One of the great joys of living in Cochabamba is the ease of access to its surrounding mountains which abound with great hiking trails. The lofty peaks of the olive-colored Tunari Range of the eastward-reaching Andes awakened my inner rambler and I headed to the hills on many weekends. Here are some highlights:
My first weekend in Cochabamba I rose early, grabbed some bananas and chocolate and my filled water bottle, and hoofed it from my apartment to the gate of the Parque Tunari. This is the closest and most accessible areas for hiking and soon I was rising high above Cochabamba. The city’s iconic Cristo de la Concordia with his monumental outstretched hands quickly faded to a mere spec far below. I was surrounded by the smell of eucalyptus and the spectacle of spring bloom.
I encountered very few people on the trail, just a couple families out for a picnic and one dedicated student, his nose diligently in his textbook at a particularly inspired lookout above Cochabamba. Eventually I reached an abandoned campground I and goofed around in the children’s playground:
I kept ascending and finally stopped high above the Cochabamba valley at around 3700 m (over 12,100 feet). I took in the beautiful vista s of the valley below and the towering Mount Tunari (the highest peak in the region at over 5000 m) covered in clouds to the west.

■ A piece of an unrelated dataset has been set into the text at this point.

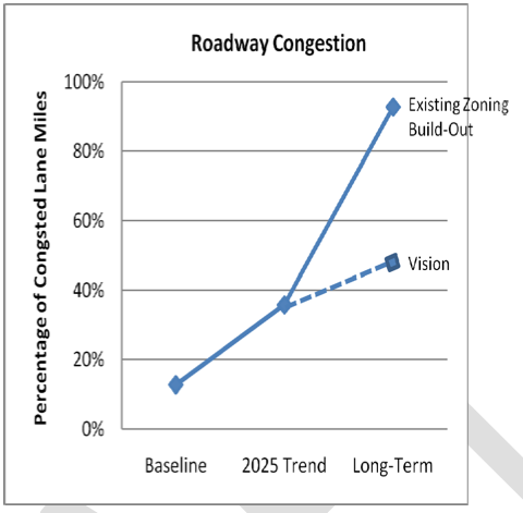 According to the Route 1 Growth Strategy report, we can avoid congestion reaching unmanageable levels by revising zoning to enable increased use of transit. (Click to expand)

It was a satisfying hike from house to hilltop, I’ve never had this luxury before. All my previous hikes required some sort of transport from my home… this was fueled by just my own two feet.
This was a great walk at the western end of the valley from Sipi Sipi (I love these Quechua village names!). The way follows a stone path to a 15th-century imperial administrative center of the newly-arrived Incas. They had recognized the fertile Cochabamba Valley as a breadbasket for the Incan armies as they aggressively expanded their empire throughout the Andean region and beyond.
The ruins themselves consist of a dozen or so buildings with characteristic Incan features (trapezoidal doors and windows, and walls slanting slightly inwards to protect against earthquakes) but unfortunately are in fairly poor condition. Yet the views of the broad valley below with the Tunari Range to the north are stunning.
As in most parts of the developing world, the amount of trash on trails is disheartening. Decades ago most of this garbage would have been biodegradable but today it’s nearly 100% plastic. To do my part to respect the Pachamama (the Mother Earth) I collected hundreds of pieces litter on the way down. I finished the hike with a stuffed bag of assorted refuse but I felt good that the trail now looked much improved for future walkers.
Parque Ecoturístico Pairumani
This was a great half-day walk through a number of great sights. The Pairumari Eco-Tourist Park is located directly beneath the soaring Cerro Tunari, the highest peak in the region. On land donated by Simón Patiño, the Bolivian tin baron who a hundred years ago was one of the world’s the richest men, the eco-tourism park features pleasant picnic areas and campgrounds for cochabambinos wanting to escape the hectic pace of the city.
En route to the waterfalls further up the canyon, I met a group of young Brazilian medical students (many study in Cochabamba since the tuition and costs are much lower) who chatted with me as we passed the many colorful flower farms that dot this part of the valley. Eventually we reached the canyon and walked along the narrow footpath (with vertiginous drops off the side) to reach the waterfall which was barely flowing due to the late start of the rainy season this year.
On my return, I inspected the experimental dairy and vegetable farms that are part of the Simón Patiño Foundation’s agricultural research center. They are doing admirable work in such areas as organic dairy farming, sustainable agriculture, and a non-GMO seed center for developing hybrid cropsthat are better suited for the changing climate and environment in the region.
Great walks in all directions… thank you, Cochabamba, for being so hiker friendly!